Re: [RFC 0/4] Shallow clones with on-demand fetch
- Date: Tue, 7 Mar 2017 04:42:47 -0500
- From: Jeff King <peff@xxxxxxxx>
- Subject: Re: [RFC 0/4] Shallow clones with on-demand fetch
On Mon, Mar 06, 2017 at 11:18:30AM -0800, Junio C Hamano wrote:
> Mark Thomas <markbt@xxxxxxxxxx> writes:
> > This is a proof-of-concept, so it is in no way complete. It contains a
> > few hacks to make it work, but these can be ironed out with a bit more
> > work. What I have so far is sufficient to try out the idea.
> Two things that immediately come to mind (which may or may not be
> real issues) are
> (1) What (if any) security model you have in mind.
> From object-confidentiality's point of view, this needs to be
> enabled only on a host that allows
> uploadpack.allowAnySHA1InWant but even riskier.
> From DoS point of view, you can make a short 40-byte request to
> cause the other side emit megabytes of stuff. I do not think
> it is a new problem (anybody can repeatedly request a clone of
> large stuff), but there may be new ramifications.
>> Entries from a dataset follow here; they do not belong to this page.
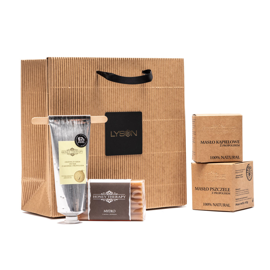 Mydło charakteryzuje się brakiem zawartości w jego składzie barwników. Kolor mydła uzyskaliśmy dzięki naturalnym surowcom a są nimi m. in. miód i propolis. Całość kompozycji wieńczy krem propolisowy do rąk o działaniu nawilżającym, zmiękczającym, natłuszczającym oraz odżywczym. Niweluje istniejące problemy z pękaniem naskórka. Międzynarodowa Organizacja Związków Pszczelarskich Apimondia doceniła nasz krem w Korei, w roku 2015. Kompozycja uzyskała brązowy medal za prozdrowotny i naturalny skład. Nadaje się do każdego rodzaju skóry posiadając w swym składzie w pełni naturalne składniki, m. in. masło Shea, olej z awokado, miód i propolis. Możecie być pewni, że wygląd dłoni poprawi się już po pierwszym użyciu kremy Pasieki LYSON. W skład zestawu wchodzi również stylowa i dodająca uroku całej kompozycji torebka.
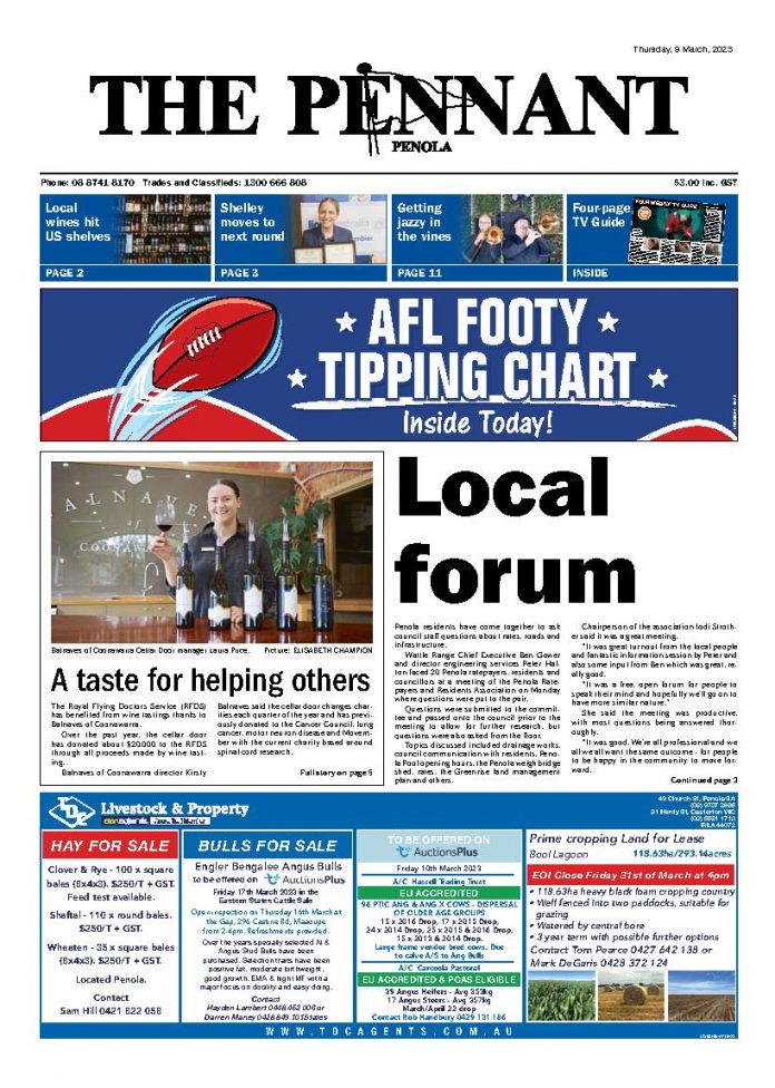 The Penola Pennant – 9th March 2023 Having problems with the Viewer? Try the Classic viewer. News Ransom in fine form 13/03/2026 TIGERS 14 D SOUTH 3 KARL Ransom played an absolute blinder, delivering an unstoppable all-round performance as the Tigers dismantled South in Division 1 baseball... Meinck unstoppable as Federals demolish South 13/03/2026 FEDERALS 13 D SOUTH 6 ON a day when the bats were blazing, Nathan Meinck delivered an absolute masterclass to lead Federals to a thumping... Central claims thriller over Tigers 13/03/2026 CENTRAL 7 D TIGERS 6 CENTRAL snatched a dramatic 7-6 walk-off win over Tigers on Friday, capitalising on an eighth-inning error to break a 6-6...
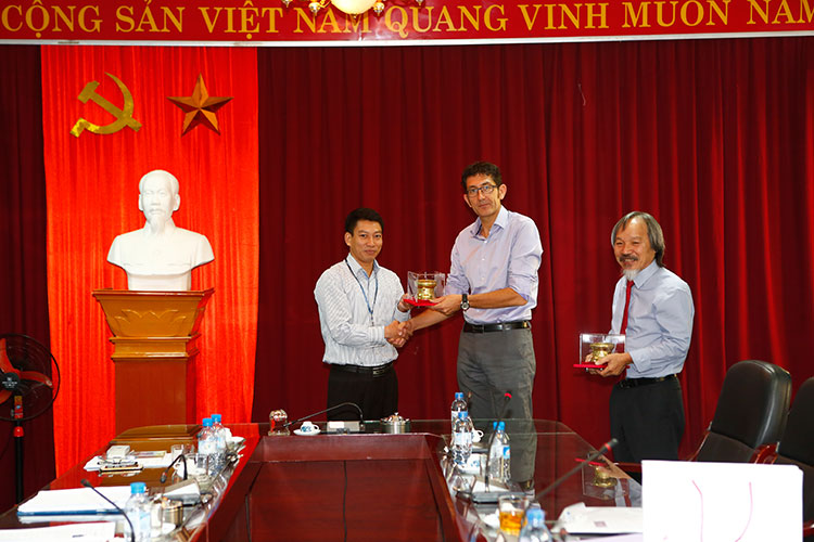 PGS.TS. Đào Văn Đông trao qua lưu niệm cho GS.TS. FIORIO Bruno - Trưởng khoa Công trình, Đại học Cergy Pontoise
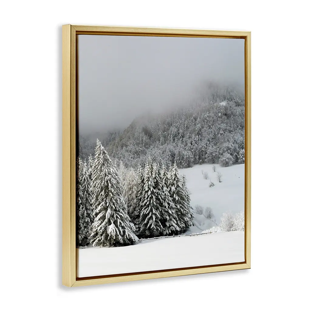 Elevate your home or office to the next level with Stupell Framed Floating Canvas Wall Art. Our premium hand-stretched canvas is mounted securely into a sturdy lightweight frame. The museum-style gap between the wrapped canvas and the box frame gives the illusion of floating artwork. Stupell Wall Art is made in the USA.Features: Dimensions: 17 x 1.7 x 21 Frame, 16 x 1.5 x 20 Canvas ArtFloating Frame Sizes Include Standard: 17 x 1.7 x 21 Oversized: 25 x 1.7 x 31Wall Art is Ready to Hang - No Installation or Hardware Needed. For Easy Set Up Lean or Layer Artwork on Shelf or Against Wall.Our elevated 1.7" Thick Floating Frame is the perfect complement to our canvas style Wall Art. We use only the highest quality inks in house with industry leading printing solutions. Canvas is hand stretched over a durable wood foundation and then mounted securly into a Modern Box Frame. Made in the USA.Artwork Relates To: Plant, Tree, Nature, Woodland, Weather, Pine, Snow, Conifer, Ice, WinterDesign by Lil' Rue
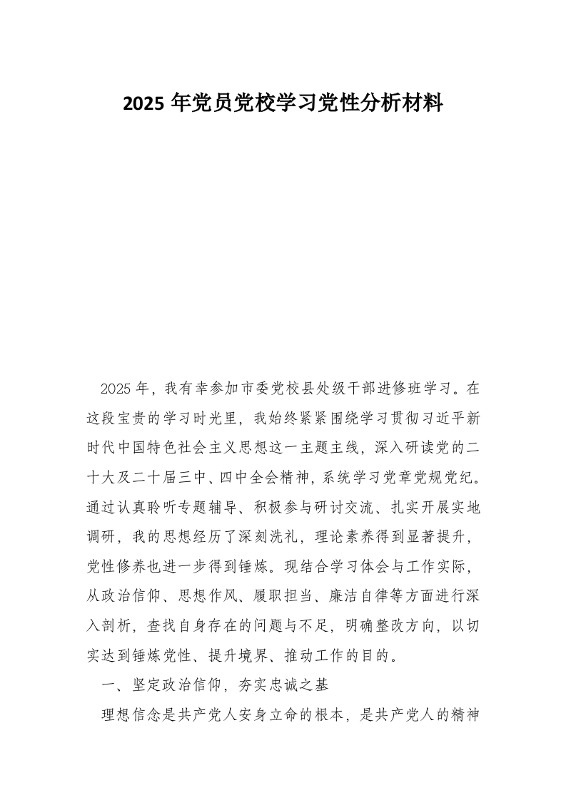 2025年党员党校学习党性分析材料

> (2) If the interface to ask just one object kills the whole idea
> due to roundtrip latency.
> You may want to be able to say "I want all objects reachable
> from this tree; please give me a packfile of needed objects
> assuming that I have all objects reachable from this other tree
> (or these other trees)".
Not just latency, but you also lose all of the benefits of delta
compression. So if I asked for:
git log -p -- foo.c
and git is going to fault in all of the various versions of foo.c over
time, it's _much_ more efficient to batch them into a single request, so
that the server can reuse on-disk deltas between the various versions.
That makes the transmission smaller, and it also makes it more likely
for the server to be able to transmit the bits straight off the disk
(rather than assembling each delta itself then zlib-compressing the
Similarly, there's a latency tension in just finding out whether an
object exists. When we call has_sha1_file() as part of a fetch, for
example, we really want to be able to answer it quickly. So you'd
probably want some mechanism to say "tell me the sha1, type, and size"
of each object I _could_ get via upload-file. The size of that data is
far from trivial for a large repository, but you're probably better off
getting it once than paying the latency cost to fetch it piecemeal.